Your bags are packed and you’re standing in the lobby, waiting for the rest of your group.  It’s hot outside, and you’re glad to be in the shade watching the world through a plate glass window.  Then, across the parking lot, you see a monk strolling beneath an umbrella, carrying an alms bowl.  He’s in his saffron robe, of course, and holds a fold of it above his knee so that he doesn’t trip as his sandals scrape over the melting asphalt.
You’ve seen monks collecting alms before.  In Phnom Penh, you could sit in your hotel over breakfast and watch as a stream of monks curved up the road, each one stopping, slightly stooped beneath his umbrella, at the same house.  Every time this happened, a motherly looking woman in a flowered blouse would emerge, a few riel in hand, bowing deeply before the monk as she hands him the money. 
You watch now as this particular monk pads across the steaming concrete in Sihanoukville.  He must be taking a shortcut, you think to yourself—surely monks don’t stop at hotels?  Surely a place of business doesn’t offer alms, too driven by profit, you think, too . . . soulless, maybe, is that the right word?  It’s corporate, after all, made up of a series of individual employees with their own lives, their own homes, their own alms to offer to the monks who come to their own doors.  Why would a business give money or food or gifts of any sort to soliciting monks, particularly when these monks trod the same path every day, making the same stops every day? 
So you expect to see this monk cut across the parking lot, bypassing the wide, covered entrance of the hotel. 
But no.  He stops just beyond the line where the front porch of the hotel would offer shade.  Standing there beneath his umbrella, his hands crossed along the rim of the coffer in which he makes his collections, he looks neither left nor right.  He just waits. 
And so do you. 
Nothing happens at first.  Two women stand behind the huge carved desk at the far side of the lobby, laughing at some joke the hotel manager just made.  A porter in a red and gold suit swishes by, rolling someone’s bag. 

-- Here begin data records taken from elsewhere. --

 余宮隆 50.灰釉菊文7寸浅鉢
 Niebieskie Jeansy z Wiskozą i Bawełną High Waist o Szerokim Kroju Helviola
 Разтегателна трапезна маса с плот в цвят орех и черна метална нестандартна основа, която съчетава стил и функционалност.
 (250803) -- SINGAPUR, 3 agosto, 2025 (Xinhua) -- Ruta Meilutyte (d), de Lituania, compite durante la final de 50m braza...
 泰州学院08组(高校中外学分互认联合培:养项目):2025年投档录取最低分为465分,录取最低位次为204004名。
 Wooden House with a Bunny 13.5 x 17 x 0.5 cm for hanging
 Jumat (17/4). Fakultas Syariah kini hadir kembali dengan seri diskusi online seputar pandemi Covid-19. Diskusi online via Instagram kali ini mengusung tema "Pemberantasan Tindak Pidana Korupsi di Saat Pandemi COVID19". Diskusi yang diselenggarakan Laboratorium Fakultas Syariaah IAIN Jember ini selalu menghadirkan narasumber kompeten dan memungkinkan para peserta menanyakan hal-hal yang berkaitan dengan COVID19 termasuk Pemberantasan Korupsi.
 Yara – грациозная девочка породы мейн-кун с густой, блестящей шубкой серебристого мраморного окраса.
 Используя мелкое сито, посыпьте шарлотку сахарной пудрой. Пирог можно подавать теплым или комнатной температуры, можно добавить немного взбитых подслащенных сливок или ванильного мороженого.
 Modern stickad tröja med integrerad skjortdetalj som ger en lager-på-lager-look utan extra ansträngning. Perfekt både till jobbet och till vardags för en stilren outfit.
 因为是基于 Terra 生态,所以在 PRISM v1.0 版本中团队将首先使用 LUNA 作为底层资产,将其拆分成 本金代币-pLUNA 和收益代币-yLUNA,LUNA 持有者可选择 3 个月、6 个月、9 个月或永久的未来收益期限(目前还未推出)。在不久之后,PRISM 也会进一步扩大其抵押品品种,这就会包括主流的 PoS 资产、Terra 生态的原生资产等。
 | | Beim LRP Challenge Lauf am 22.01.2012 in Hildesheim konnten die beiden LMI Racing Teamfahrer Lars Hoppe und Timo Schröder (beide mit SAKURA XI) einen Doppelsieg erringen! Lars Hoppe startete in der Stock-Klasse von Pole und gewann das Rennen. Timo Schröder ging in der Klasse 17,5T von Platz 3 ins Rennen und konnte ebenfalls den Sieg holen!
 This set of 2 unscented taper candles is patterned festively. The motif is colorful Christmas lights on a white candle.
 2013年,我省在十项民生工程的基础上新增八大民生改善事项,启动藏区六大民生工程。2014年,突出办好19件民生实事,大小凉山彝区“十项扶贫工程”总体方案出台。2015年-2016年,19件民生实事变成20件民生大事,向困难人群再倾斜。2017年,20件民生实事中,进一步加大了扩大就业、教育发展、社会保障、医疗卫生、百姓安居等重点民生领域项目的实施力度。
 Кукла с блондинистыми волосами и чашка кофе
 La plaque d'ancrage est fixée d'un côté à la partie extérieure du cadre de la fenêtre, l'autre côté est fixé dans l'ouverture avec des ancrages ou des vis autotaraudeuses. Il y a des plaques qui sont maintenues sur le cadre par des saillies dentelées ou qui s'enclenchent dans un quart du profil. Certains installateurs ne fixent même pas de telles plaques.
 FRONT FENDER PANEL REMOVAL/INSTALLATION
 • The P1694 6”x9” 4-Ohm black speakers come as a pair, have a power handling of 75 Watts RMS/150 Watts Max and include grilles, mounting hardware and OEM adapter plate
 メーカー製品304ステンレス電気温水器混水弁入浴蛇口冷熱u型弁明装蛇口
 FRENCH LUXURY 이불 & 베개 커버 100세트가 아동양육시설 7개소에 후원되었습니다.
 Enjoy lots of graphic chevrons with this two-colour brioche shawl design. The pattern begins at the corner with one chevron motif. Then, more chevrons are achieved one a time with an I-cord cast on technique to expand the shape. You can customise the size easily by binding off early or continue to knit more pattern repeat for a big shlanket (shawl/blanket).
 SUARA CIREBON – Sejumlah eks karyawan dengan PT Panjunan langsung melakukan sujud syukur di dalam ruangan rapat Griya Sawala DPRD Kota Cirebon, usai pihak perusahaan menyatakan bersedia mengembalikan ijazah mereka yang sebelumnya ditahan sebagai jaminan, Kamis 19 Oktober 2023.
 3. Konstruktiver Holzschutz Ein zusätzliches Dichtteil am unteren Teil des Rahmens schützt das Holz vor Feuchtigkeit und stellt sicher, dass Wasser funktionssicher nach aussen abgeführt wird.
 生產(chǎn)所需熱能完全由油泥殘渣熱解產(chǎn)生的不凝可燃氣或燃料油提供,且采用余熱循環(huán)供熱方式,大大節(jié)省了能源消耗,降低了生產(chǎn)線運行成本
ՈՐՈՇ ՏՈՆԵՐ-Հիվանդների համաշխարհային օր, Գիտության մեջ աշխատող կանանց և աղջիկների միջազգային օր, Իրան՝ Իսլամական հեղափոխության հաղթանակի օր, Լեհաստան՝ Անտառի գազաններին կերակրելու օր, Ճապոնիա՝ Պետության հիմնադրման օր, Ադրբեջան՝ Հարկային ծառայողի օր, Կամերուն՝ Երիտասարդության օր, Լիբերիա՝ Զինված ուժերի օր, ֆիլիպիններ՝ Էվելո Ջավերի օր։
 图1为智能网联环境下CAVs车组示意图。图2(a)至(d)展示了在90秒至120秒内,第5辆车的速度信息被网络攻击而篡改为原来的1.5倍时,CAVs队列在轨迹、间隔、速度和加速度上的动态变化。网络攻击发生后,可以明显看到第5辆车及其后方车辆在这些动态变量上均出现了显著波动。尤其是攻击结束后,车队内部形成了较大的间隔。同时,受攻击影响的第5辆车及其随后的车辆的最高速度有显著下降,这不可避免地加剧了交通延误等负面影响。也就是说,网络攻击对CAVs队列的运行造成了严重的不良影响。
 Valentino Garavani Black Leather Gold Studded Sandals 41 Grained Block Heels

Still the monk stands there. 
You consider, wondering who’s missing, who he might be pausing for.  A janitor, maybe, or the boy who hands out towels by the pool?
Then, finally, the door that leads to the dining room swings open and the concierge emerges.  He’s a big man, the concierge, especially for a Cambodian, his shoulders filling his dark uniform.  He has a face that seems to play at seriousness, as though he wants you to think he’s the epitome of professionalism when really you suspect he has a sly side, isn’t beyond making jokes in Khmer about the clientele, perhaps even when they’re standing right there, uncomprehending. 
In his hands he carries two sandwiches wrapped in plastic.  His heels click as he strolls across the lobby and then out onto the tiles beneath the veranda.  Approaching the monk, he stops, bending at the waist until his head is low, the food offered in front of him. 
The monk puts one hand out, hovering over the thick hair of the concierge.  He begins a blessing, his voice low, melancholy, melodious in a subdued kind of way.  The concierge stays remains bent, his head at the waist of the monk.  The monk murmurs, words pouring over each other like stones in an ocean, solid and smooth and tossed by waves.  You listen.  You watch.
Then the prayer ends, the silence suddenly full again.  The monk accepts the food.  Placing the sandwiches in his bowl, he nods once and moves off into the heat, his umbrella bobbing above him, bleached by the sun.  The concierge remains bowed for half a moment or more, then rises, touching his coiffed hair lightly before straightening the lapels of his uniform.